WORK TO BE COMPLETED: Entries below include pictures. Output exactly the lines from the one with "KONG Wild Knots are" down to the one with "AK Prinzessin Caroline", both ends included, and leave the pictures out.

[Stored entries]
**********

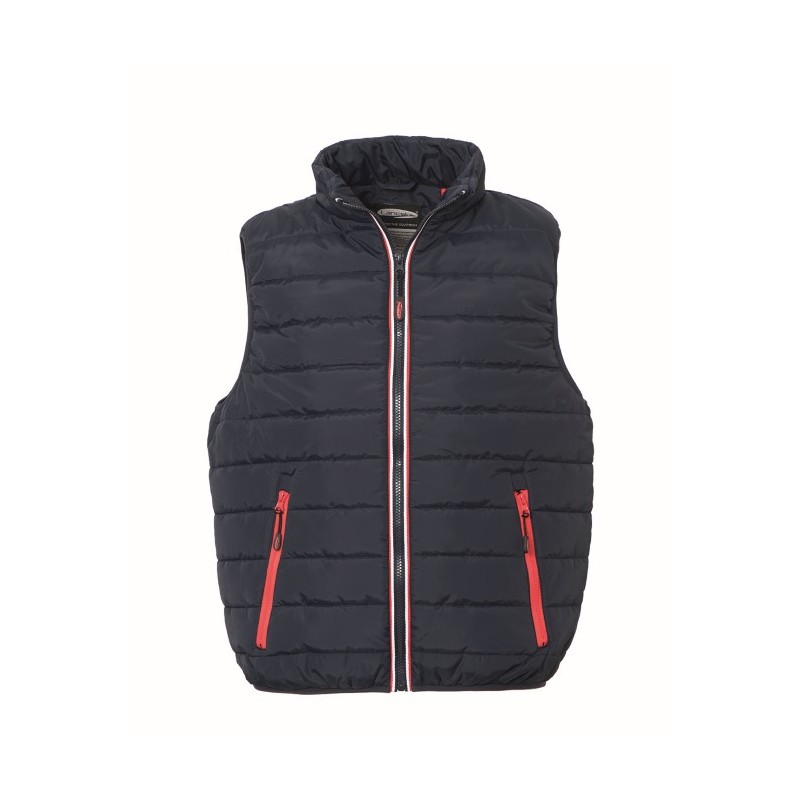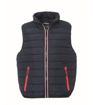 Gilet imbottito con chiusura anteriore con cerniera, giromanica e fondo profilati con sbieco elasticizzato, due tasche inferiori a filetto chiuse con cerniera.
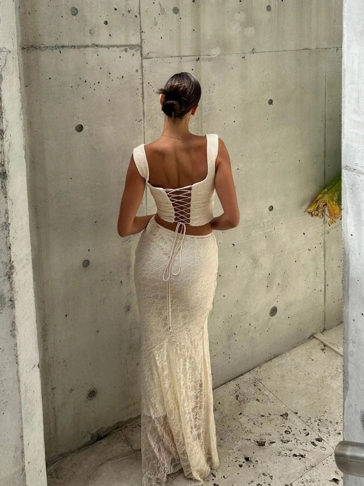 Nibber Elegant Stacked Folds Two Piece Set Women Solid Thin Strapless Chest TopsSlim Skirts Female Streetwear Matching Suit 240423
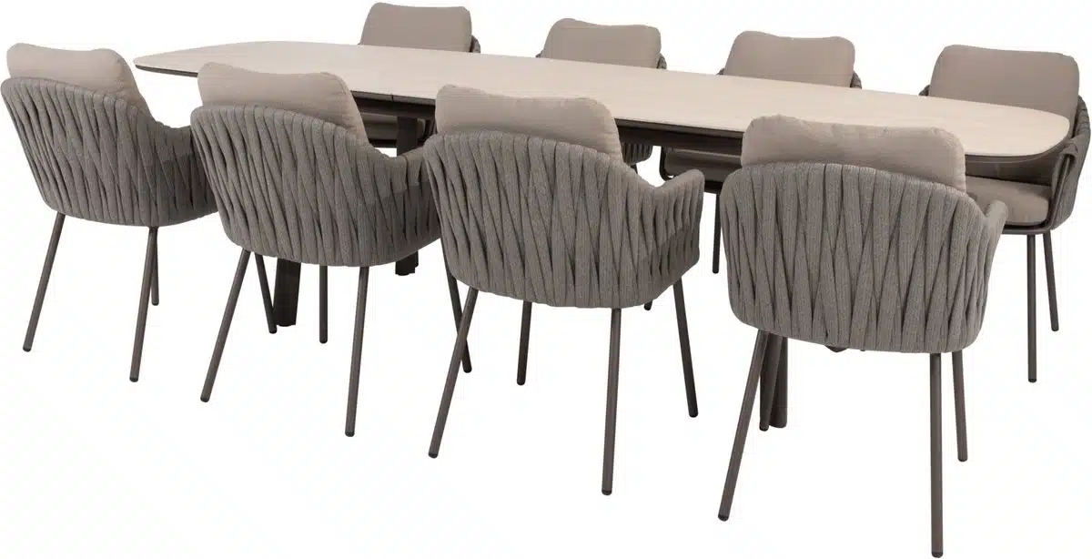 Stijlvolle en robuuste tuinset met een uitschuifbare keramische tafel – eenvoudig te verlengen en ideaal voor lange etentjes. De 9-delige set zit comfortabel, vergt weinig onderhoud en geeft de tuin direct een verzorgde uitstraling.
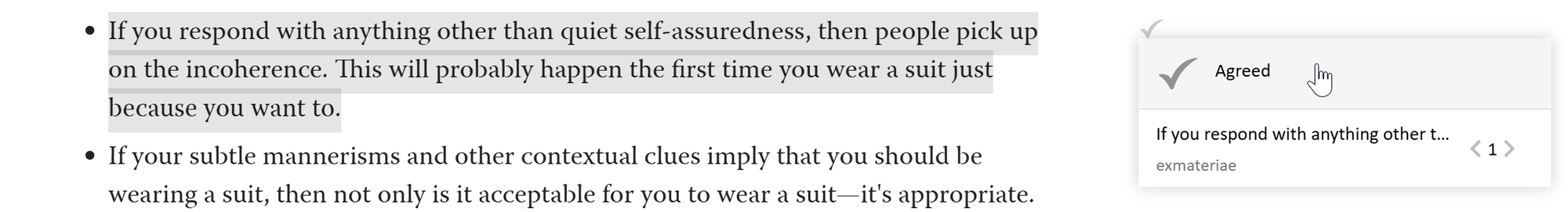 또한 이 사이트에서 제일 인상적이었던 기능은 글의 일부분만을 특별히 선택해서 댓글이나 반응을 달 수 있는 기능이었습니다. 이러한 기능은 확실히 독창적인 디자인입니다.
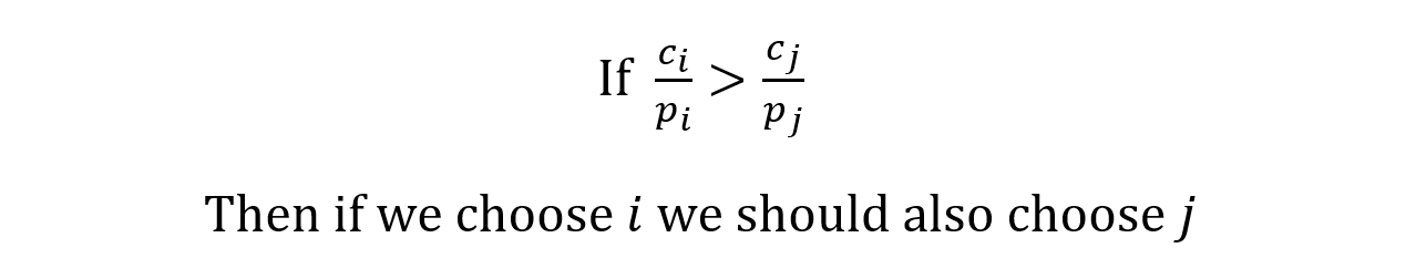 Consider 2 opportunities, i and j. They have cost c[i] and c[i] and profits p[i] and p[j] respectively.
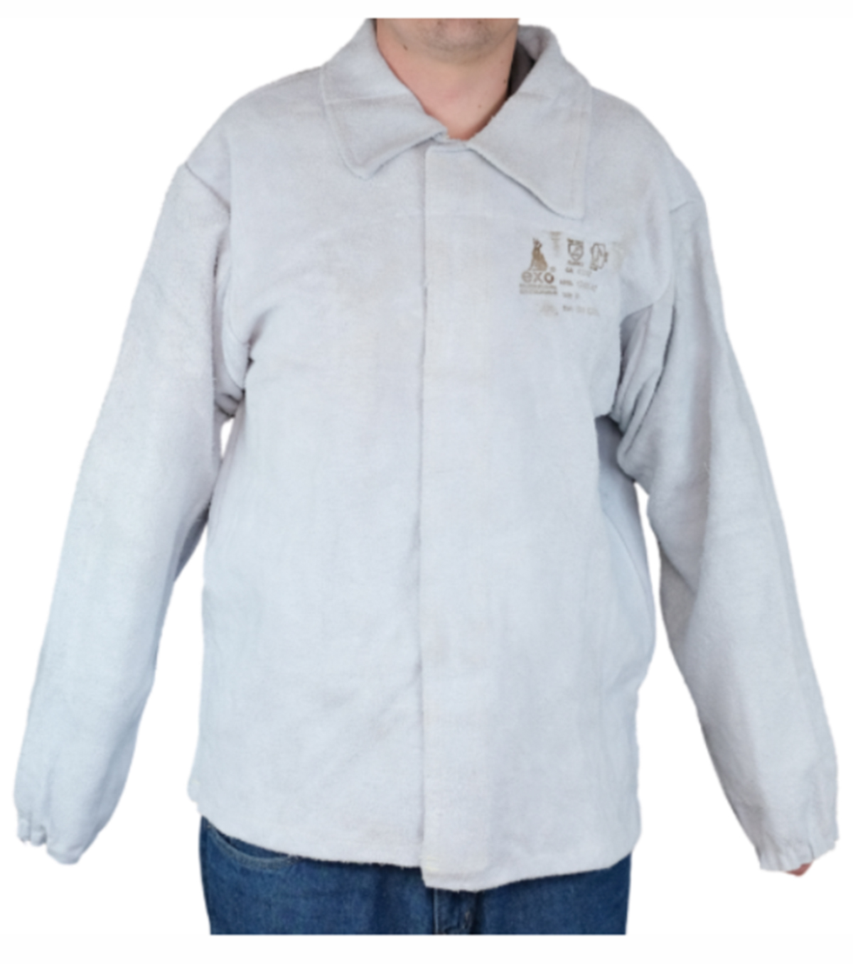 Blusão de segurança confeccionado em raspa com fechamento em velcro.
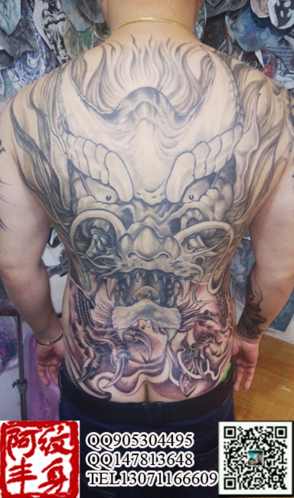 后背男龙女凤纹身图案欣赏男士满背威武的龙头_凤凰纹身图案大全_纹身图吧
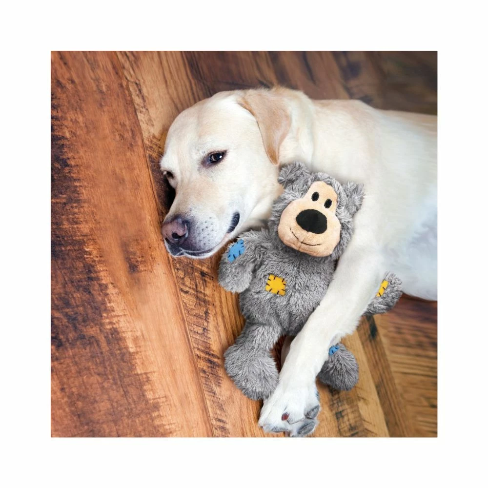 KONG Wild Knots are soft and cuddly on the outside while durable and strong on the inside. Wild Knots bears are sure to be a hit with dogs and their pet parents. Dogs love the knotted skeleton, and the reinforced plush body provides extra durability. KONG Wild Knots have less stuffing for less mess and they squeak to entice play.
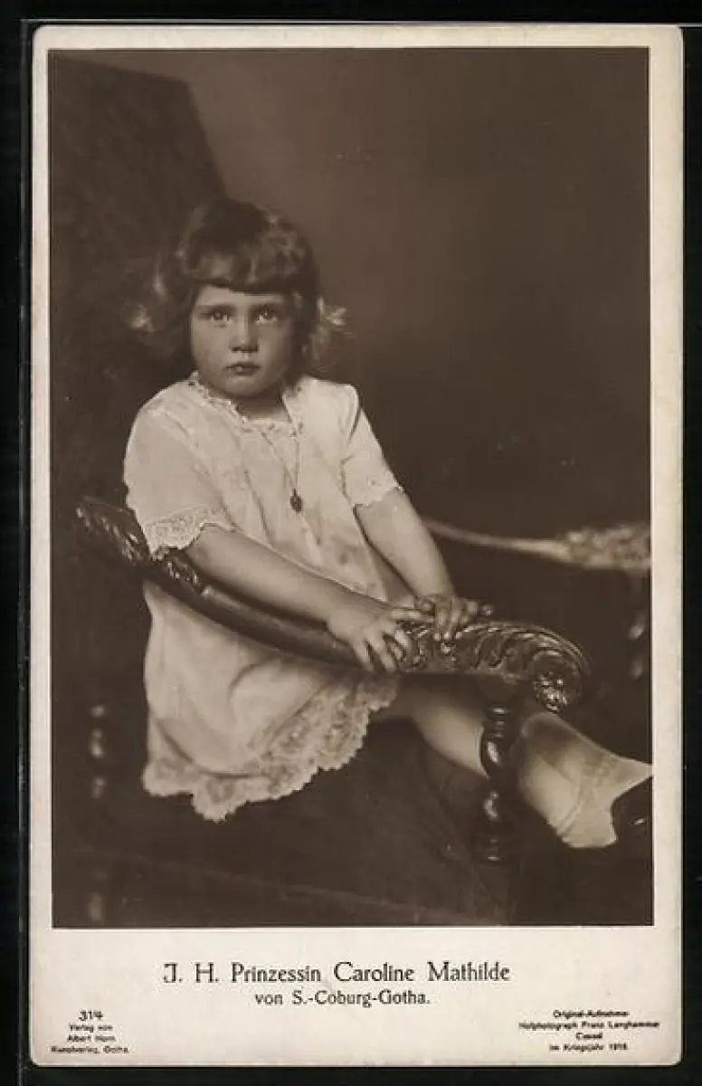AK Prinzessin Caroline Mathilde von Sachsen-Coburg-Gotha sitzt in einem Stuhl
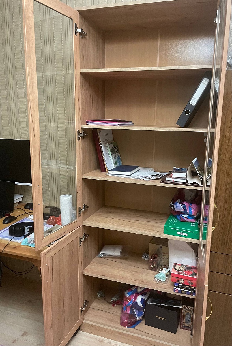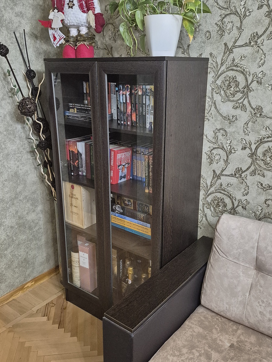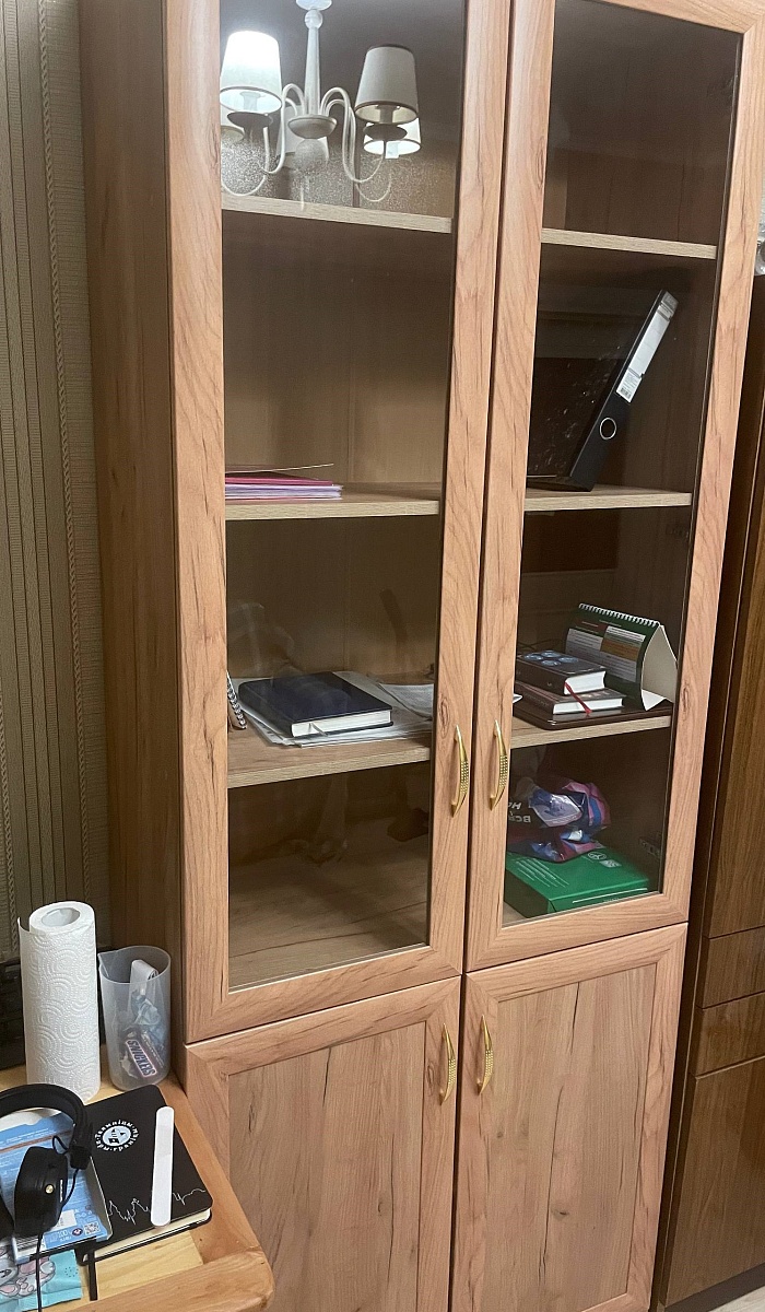 Хороший книжный шкаф. Сделали под мои размеры + выбрал дверцы с доводчиками и подрезку под плинтус, и еще ручки. Лучше собирать в конструкторе, чтобы не упустить детали изделия. Изготовление и доставка до Беларуси +/- 3 недели, собрать шкаф можно самому. Пару дней пах ДСП или краской, или еще чем-то таким, потом проветрился и сейчас все нормально. Заказ:№ 1229910.
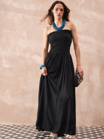 A timeless and elegant off-shoulder dress in a classic black color. The off-shoulder design highlights the collarbones, offering a chic and feminine silhouette. It's a versatile dress perfect for a night out, a formal dinner, or a cocktail party.

**********

TASK RESPONSE:
 KONG Wild Knots are soft and cuddly on the outside while durable and strong on the inside. Wild Knots bears are sure to be a hit with dogs and their pet parents. Dogs love the knotted skeleton, and the reinforced plush body provides extra durability. KONG Wild Knots have less stuffing for less mess and they squeak to entice play.
AK Prinzessin Caroline Mathilde von Sachsen-Coburg-Gotha sitzt in einem Stuhl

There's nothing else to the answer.